Sempre que ninguém precisa do trabalho dum trabalhador, o trabalho não pode impor nenhum acordo: ele deve morrer de fome – mais ou menos devagar, mais ou menos convulsivamente, mas morrer de fome deve… a menos que possa romper com o atual sistema.

E o progresso tende a tornar o trabalho de um número cada vez maior de trabalhadores desnecessário.

Esta é a derradeira e irredutível contradição entre capitalismo e progresso.

Ou previne todo progresso, consagrando as castas atuais, abolindo a competição entre capitalistas, proibindo qualquer desenvolvimento na produção, qualquer nova máquina, qualquer nova aplicação científica, e reduz os trabalhadores ao status de animais domésticos, rações concedidas pelos seus mestres – em resumo, um regime como aquele dos jesuítas exercido no Paraguai; ou destrói o capitalismo e organiza a produção não para o benefício de poucos, mas para o maior bem-estar para todos.

A solicitação dos fabricantes de barril de Bari de aumentar o custo do transporte de barris usados, de modo que os vinícolas achassem mais conveniente queimá-los do que enviá-los de volta, é o mesmo que pedir aos fabricantes de barril que enviem apenas 10 barris a cada 100 ao mercado e destruam os outros 90 antes que possam ser usados.

É possível conseguir isso?
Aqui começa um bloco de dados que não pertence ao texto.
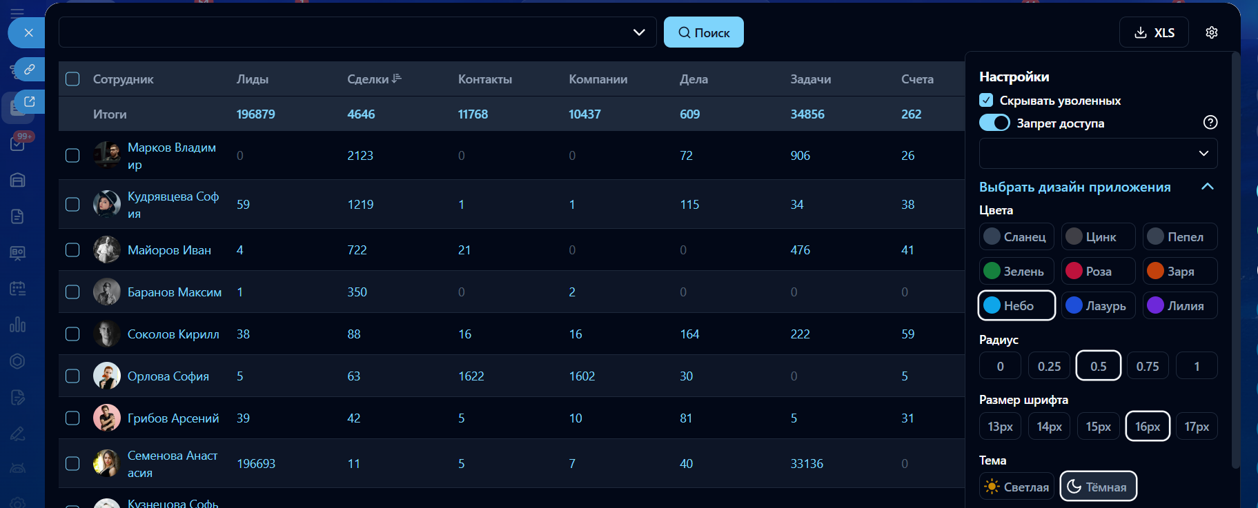 - Скрывать/показывать уволенных сотрудников;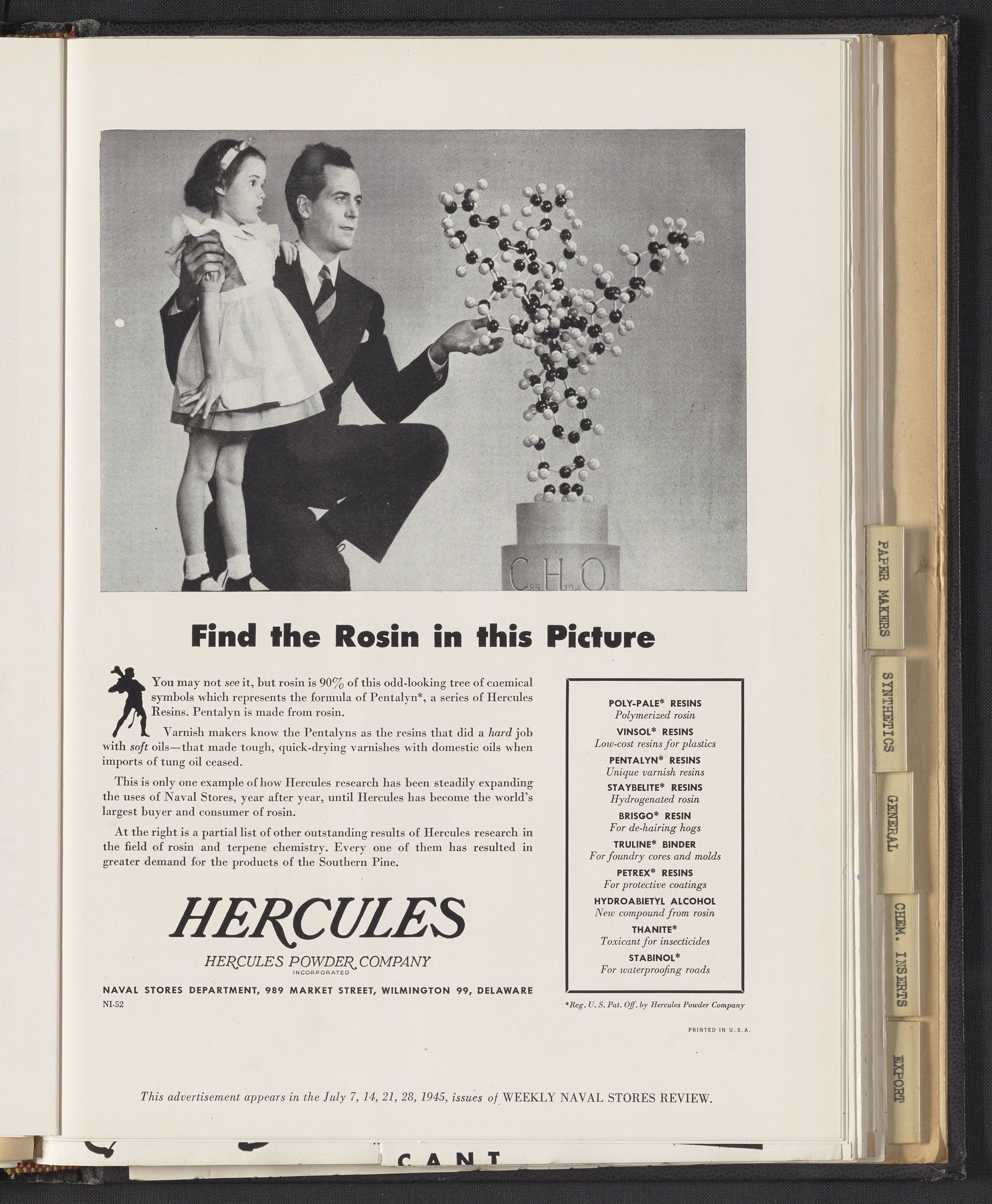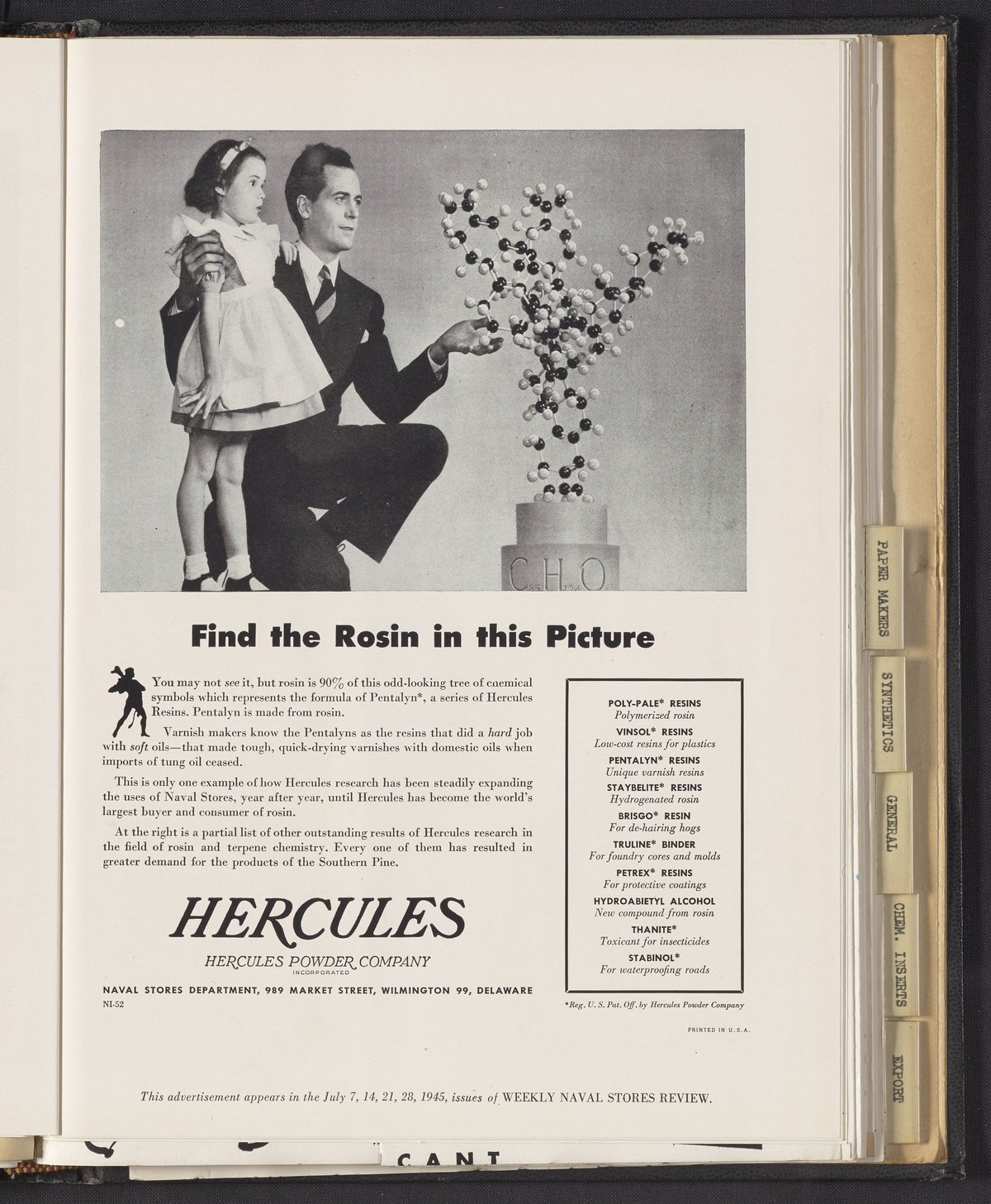 Hercules Incorporated. “Find the Rosin in This Picture.” 1945 Hercules Advertisements, 1945. Records of Hercules Incorporated, Volume 1945. Science History Institute. Philadelphia. https://digital.sciencehistory.org/works/k35695053.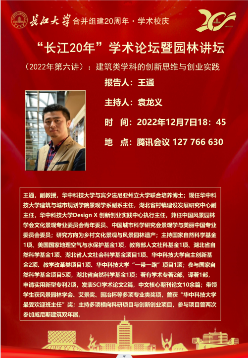 “长大20年”学术论坛暨园林讲坛 (2022年第六讲):建筑类学科的创新思维与创业实践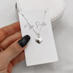 Colar pingente coração facetado 11mm 45cm | Mya Prata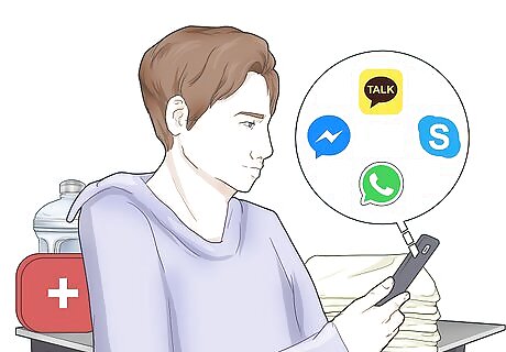Communicate via the Internet if your calls and texts won't go through. If you can't get any cell service during the hurricane, or if the network is simply too congested to use, see if you can still access the Internet. If you are able to, try using social media apps like Facebook or dedicated messaging apps like Skype to stay in touch with people.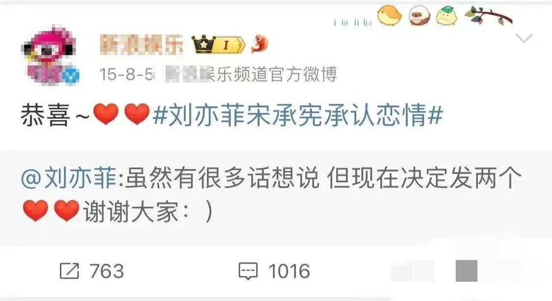 倾向于是 #刘亦菲电影 宣传期间的合约,有人发她回应的微博,那就再发几个,所谓的确认恋情后没几天就是她生日,当时有通稿说宋给她庆生,她立刻发了辟谣。

Claro que não. Ainda, a estrutura atual da sociedade é tão absurda  que tornaria tal medida vantajosa.

Quando pessoas morrem de fome  porque há muita coisa, ou porque é muito fácil de produzir, ou porque é durável demais, a destruição deve aparecer – e pode fugazmente ser – mais útil do que a produção. Um fogo, um terremoto pode ser uma bênção, trazendo emprego e pão aos desempregados.

Mas a destruição da riqueza não é como os trabalhadores podem se emancipar. E felizmente o tempo passou, ao menos nos países mais avançados, durante o qual os trabalhadores pensavam que eles poderiam parar o progresso, e depositar tanta energia na quebra da maquinaria quanto seria necessária para assumir o seu controle.

Não devemos combater o progresso, mas direcioná-lo para o proveito de todos.

E para que isso aconteça, os trabalhadores devem tomar posse de todo o capital, toda riqueza social, de modo que seria de seu interesse que os produtos abundassem e a produção exigisse o mínimo de esforço possível.

Eis a razão do porque é necessário fazer a revolução.

Organização do trabalho, greves, resistência de todos os tipos podem até certo ponto na evolução capitalista melhorar as condições de trabalhadores ou preveni-los do pior; elas podem servir muito bem para treinar trabalhadores para a luta; elas sempre são, em mãos capazes, um meio de propaganda – mas elas são desesperadamente impotentes para resolver a questão social. E assim elas devem ser usadas de tal modo a ajudar a preparar mentes e músculos para a revolução – para a expropriação.

Qualquer um que não consiga entender isto, é reduzido a suplicante dos prefeitos… e sendo ridicularizado.